What to do if your work is wrongly flagged
Being accused of using AI when you did not is genuinely distressing, and because the accusation rests on an unreliable tool, it is also contestable. If it happens to you, a few steps help:
- Show your process. Draft history is the strongest evidence you have. Documents written in tools that save version history can show the work evolving over time — false starts, edits, rewrites — which is something AI-generated text pasted in wholesale cannot show. Offer to walk through how the piece developed.
- Ask which tool was used and what it claims. Detectors disagree with one another constantly. Running the same text through several often produces conflicting verdicts, and pointing this out demonstrates that no single result is authoritative.
- Request human assessment. Ask to discuss the content directly. If you wrote it, you can explain your choices, your sources, and your reasoning in a way that demonstrates genuine authorship far more convincingly than any percentage.
- Point to the known limitations. It is reasonable to note that detector output is widely understood to be unreliable, particularly for clear or non-native writing, and that responsible institutions do not treat it as proof on its own.
The reassuring reality is that the burden of proof should not rest on a tool that cannot actually carry it. A detector flag is a question, not a conviction, and a calm, documented response is usually enough to answer it.
Free versus paid detectors
People often assume a paid detector must be more accurate than a free one, but the distinction matters less than it seems. Paid and free tools largely rely on the same underlying statistical approach, and both are vulnerable to the same core weaknesses — false positives, easy evasion, and disagreement between tools. A paid subscription buys a more polished interface, bulk processing, and sometimes integration with other systems, but it does not buy a fundamentally different or more trustworthy method of detection. The limits described throughout this article apply across the board, regardless of price. Consumer-protection resources such as the national consumer protection agencies have increasingly scrutinised exaggerated accuracy claims in AI-related products generally, and detector marketing is no exception. Paying more does not convert a statistical guess into a fact.
The bigger picture on detection
It is worth stepping back to why reliable detection is so hard in the first place. As language models improve, their output becomes more varied and more human-like, which steadily erodes the statistical signals detectors depend on. The detection problem gets harder, not easier, with each generation of model — the gap the tools are trying to measure keeps shrinking. Some have pinned hopes on watermarking, where AI systems embed a hidden statistical signature in their output that a detector could read with certainty. But watermarking only works if the AI system applies it, survives editing and paraphrasing, and is universally adopted — none of which is currently the case. Research bodies such as the national standards organisations studying this area have noted that robust, reliable detection of AI-generated content remains an unsolved problem, and that current commercial tools should not be treated as authoritative.

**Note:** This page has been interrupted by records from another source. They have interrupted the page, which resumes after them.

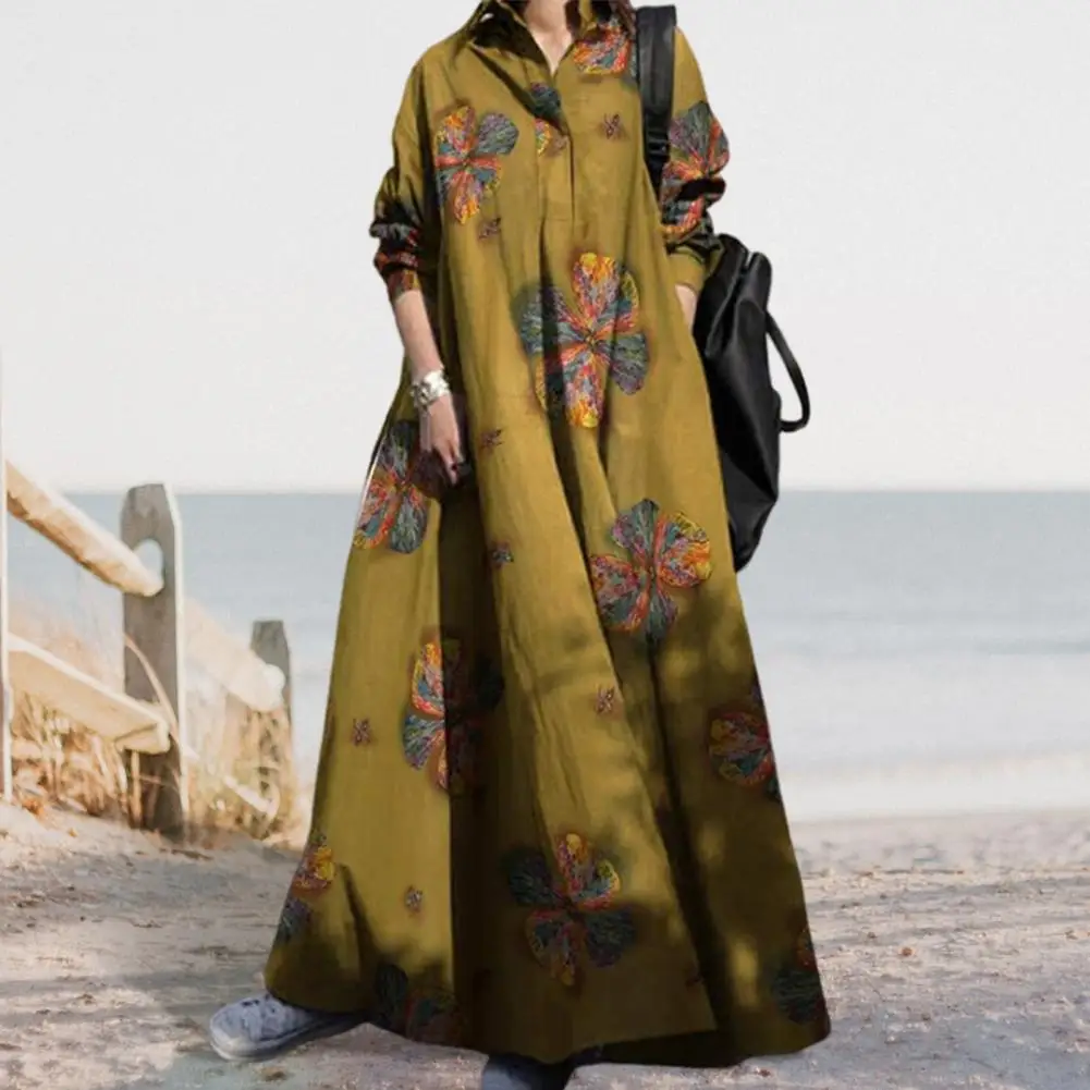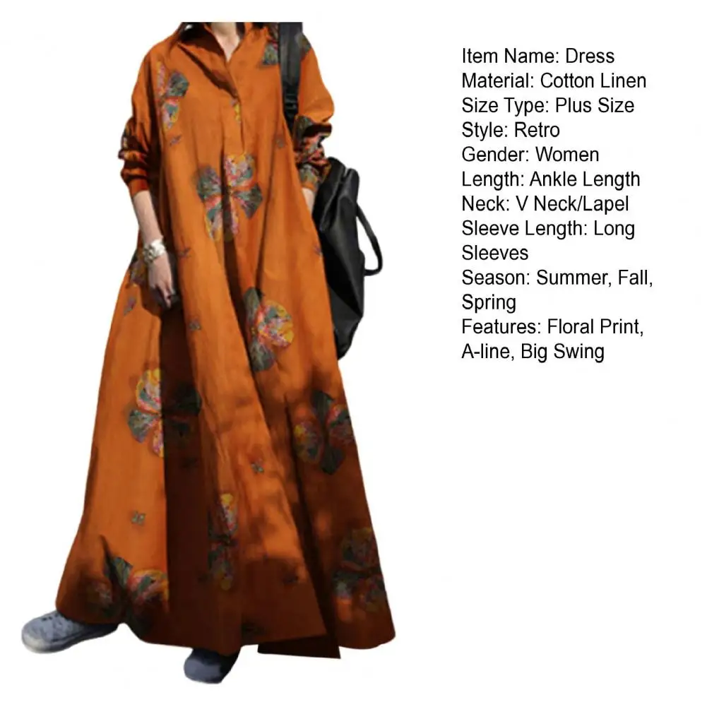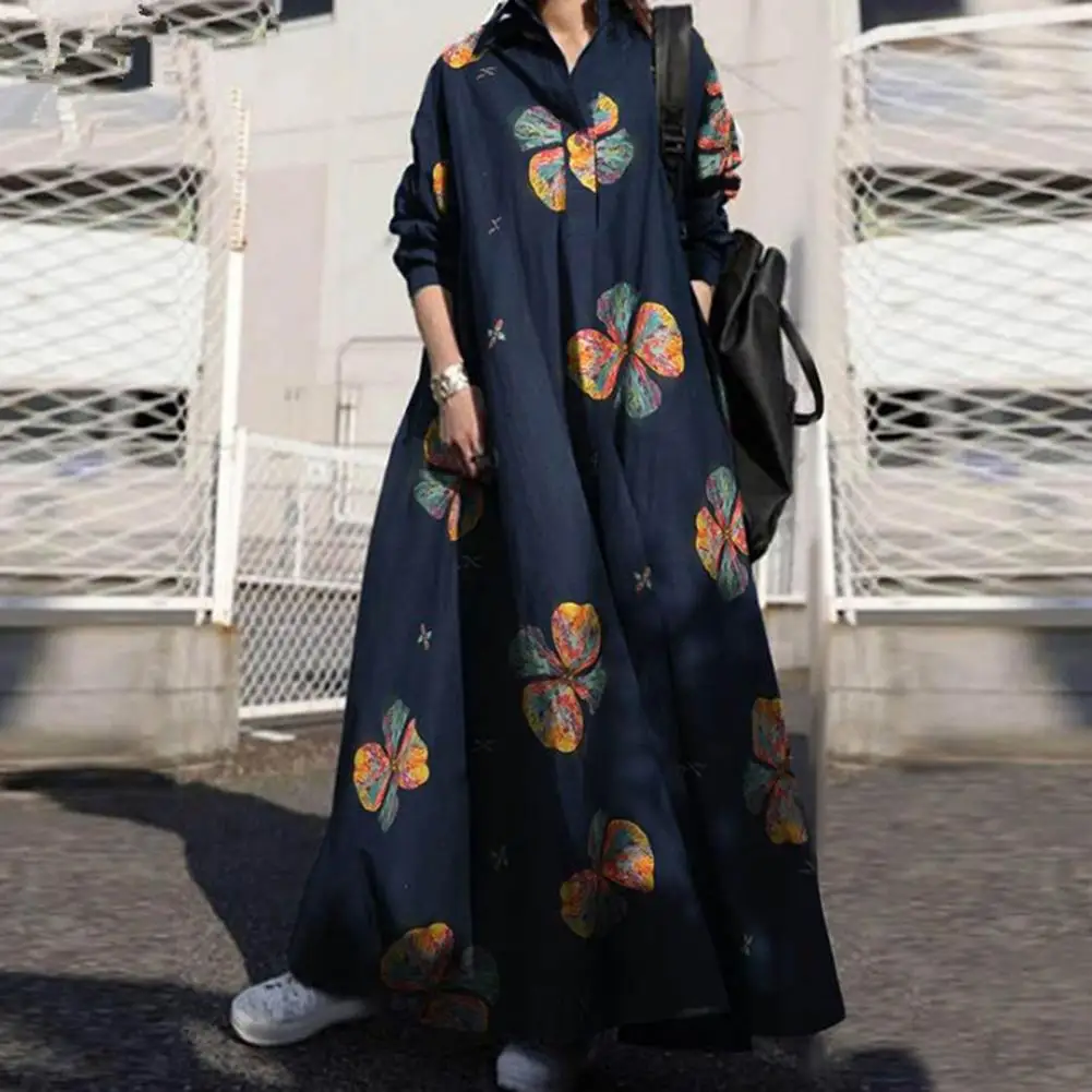 Long Sleeve Dress Floral Print Maxi Dress with Turn-down Collar for Women Ethnic Style A-line Loose Fit Plus Size Ankle Length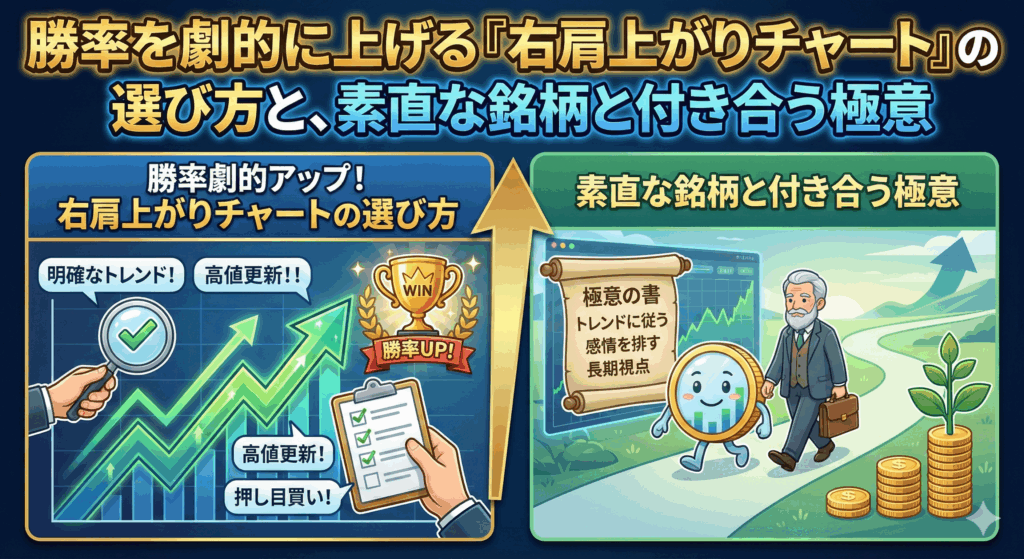 【株式投資の鉄則】勝率を劇的に上げる「右肩上がりチャート」の選び方と、素直な銘柄と付き合う極意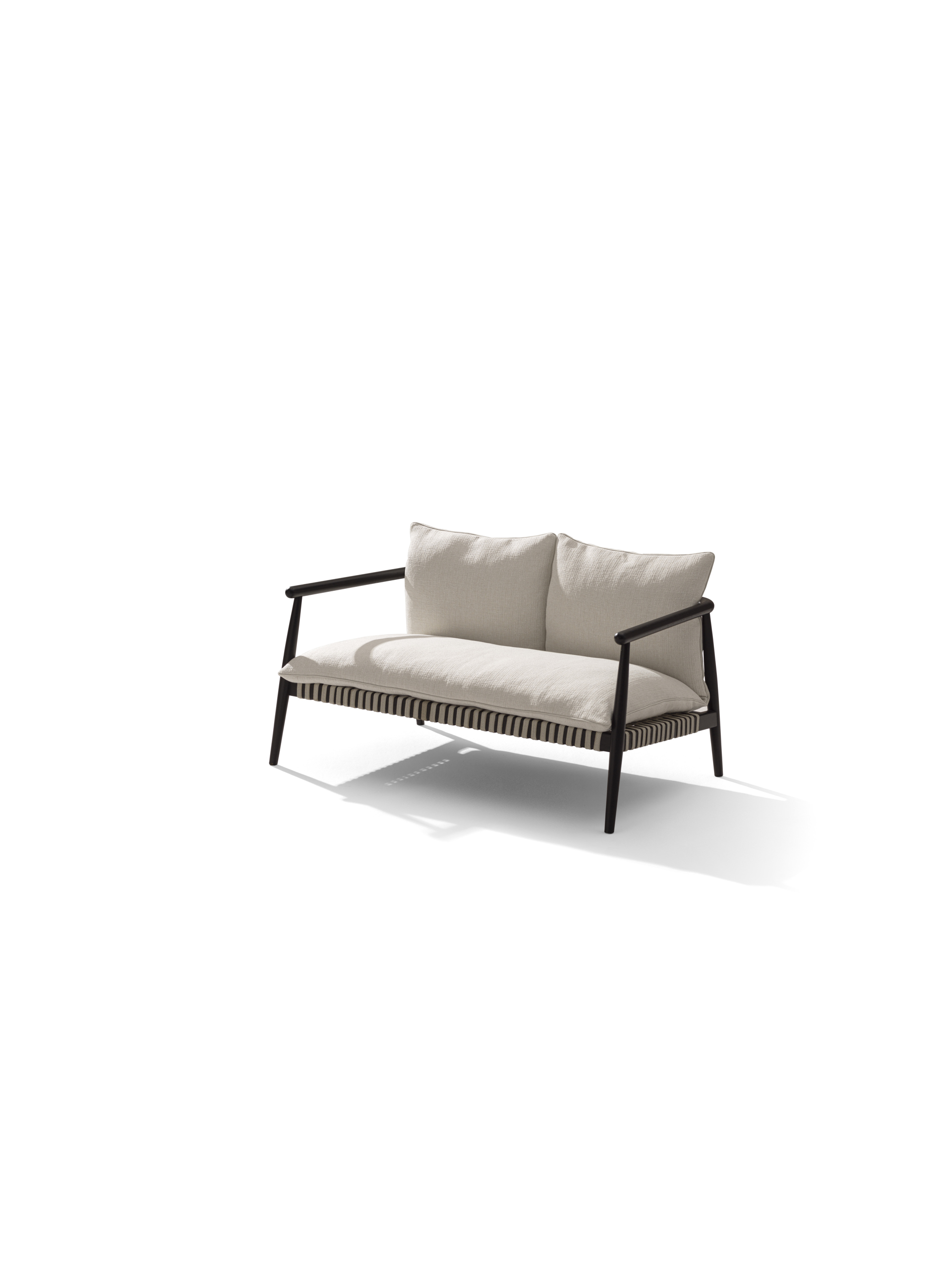 Un capitolo significativo della rassegna è dedicato alla migrazione degli interni verso l'esterno. Non si tratta di un semplice adattamento materico, ma di una traduzione culturale. «Karin Outdoor», progetto di Setsu e Shinobu Ito, ne è l'esempio più vivido. La struttura in legno massello di iroko e l'intreccio eseguito a mano recuperano una gestualità artigianale che sembra provenire da un tempo lontano, ma che trova nel segno contemporaneo la propria ragion d'essere. L'elemento tattile diventa qui il linguaggio principale per descrivere un giardino che ha la stessa intensità emotiva di un salotto. In questo scenario si inserisce «Milos», opera di Marc Sadler, che rompe lo schema tradizionale della seduta per proporre una configurazione a isola. Con il suo schienale mobile, «Milos» è un organismo conviviale aperto, progettato per essere riconfigurato continuamente in base al dialogo tra le persone e l'ambiente circostante.

For the person using AI tools legitimately, the takeaway is reassuring rather than alarming: there is no need to fear that a detector will “catch” honest, transparent use of these tools, because the tools cannot reliably do that. And for anyone relying on detectors to police others, the message is one of caution. If you want to understand how to use AI writing tools well and openly in the first place, our guides on using AI tools for writing and the broader complete guide to AI tools cover the practices that make the detection question largely beside the point. Used transparently, AI assistance does not need to be hidden — and used to accuse, a detector does not provide the certainty it appears to.